Open Source and information security mailing list archives
Hash Suite: Windows password security audit tool. GUI, reports in PDF.
[<prev] [next>] [thread-next>] [day] [month] [year] [list]
Message-ID: <20251208083602.31898-1-kprateek.nayak@amd.com>
Date: Mon, 8 Dec 2025 09:26:46 +0000
From: K Prateek Nayak <kprateek.nayak@....com>
To: Ingo Molnar <mingo@...hat.com>, Peter Zijlstra <peterz@...radead.org>,
	Juri Lelli <juri.lelli@...hat.com>, Vincent Guittot
	<vincent.guittot@...aro.org>, Anna-Maria Behnsen <anna-maria@...utronix.de>,
	Frederic Weisbecker <frederic@...nel.org>, Thomas Gleixner
	<tglx@...utronix.de>
CC: <linux-kernel@...r.kernel.org>, Dietmar Eggemann
	<dietmar.eggemann@....com>, Steven Rostedt <rostedt@...dmis.org>, Ben Segall
	<bsegall@...gle.com>, Mel Gorman <mgorman@...e.de>, Valentin Schneider
	<vschneid@...hat.com>, K Prateek Nayak <kprateek.nayak@....com>, "Gautham R.
 Shenoy" <gautham.shenoy@....com>, Swapnil Sapkal <swapnil.sapkal@....com>,
	Shrikanth Hegde <sshegde@...ux.ibm.com>, Chen Yu <yu.c.chen@...el.com>
Subject: [RESEND RFC PATCH v2 00/29] sched/fair: Push-based load balancing

Resending the series with the correct Email IDs this time. Sorry for the
noise.

This is the combined successor to the following two series:

https://lore.kernel.org/lkml/20250904041516.3046-1-kprateek.nayak@amd.com/
https://lore.kernel.org/lkml/20250409111539.23791-1-kprateek.nayak@amd.com/

Most bits are same except for more initial cleanups. Changelog is
attached towards the end.

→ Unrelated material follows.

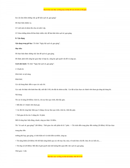 Thi “Ai sạch sẽ, gọn gàng?” (60 điểm). Thời gian cho mỗi phần thi là 7 phút. + Thi trình diễn trang phục đến trường (20 điểm): HS lựa chọn
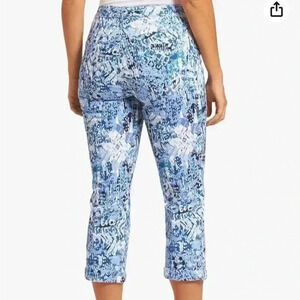 Nine West Jean Women Size 14 Chrystie Capris Soft Twill Touch Denim Blue Print

This topic will be discussed at LPC'25 in the
"Scheduler and Real-Time MC" - jump to "LPC 2025" to know what will be
discussed.


Problem statement
=================

This series tackles three problems:

1. The busy load balancing always uses the first CPU of
   group_balance_mask() for load balancing which puts all the load
   balancing responsibility on a single CPU.

2. The "nohz.nr_idle" and "nohz.idle_cpus" are global system-wide
   variables that can run into scalability bottlenecks on a large
   core-count system.

3. Periodic balance can take a long time to even out imbalance on
   systems with mostly large and flat sched-domain hierarchy. Preempted
   tasks may wait for a long time behind other runnable tasks increasing
   the tail latencies.

This series aims at addressing the combined problems listed above.


Implementation details
======================

Note: Sections marked EXPERIMENTAL are known to introduce regeressions
for certain benchmarks. These have been discussed in details in the next
section. These patches also may be incomplete from a schedstats
accounting standpoint.


o Busy balancing optimization

The busy balance CPU is always the first cpu of
"sched_group->scg->group_balance_mask". "sgc" object is shared by all
the CPUs on the "group_balance_mask", even for the overlapping domains.

To keep overheads minimal, a simple "busy_balance_cpu" is maintained in
the shared "sgc" object. A CPU is nominated to handle the busy
balancing. Once the CPU is done with its turn, it nominates the next CPU
on the group_balance_mask.

  - Advantages: The responsibility of busy balance is rotated among the
    CPUs on the group_balance_mask. Maintaining the "busy_balance_cpu"
    only requires a READ_ONCE() / WRITE_ONCE() modifications making it
    relatively cheap.

  - Disadvantages: The currently nominated "busy_balance_cpu" can run
    for a long time with bh disabled that can prevent balancing work
    from running however, it is no worse that the current state where
    the first CPU continues running with bh disabled for a prolonged
    period of time.


o Centralized "nohz" accounting optimizations

The centralized "nohz" tracking maintains the number and list of CPUs
that are in nohz idle state. These are done via atomic operations on
variables shared across the system which is less than ideal.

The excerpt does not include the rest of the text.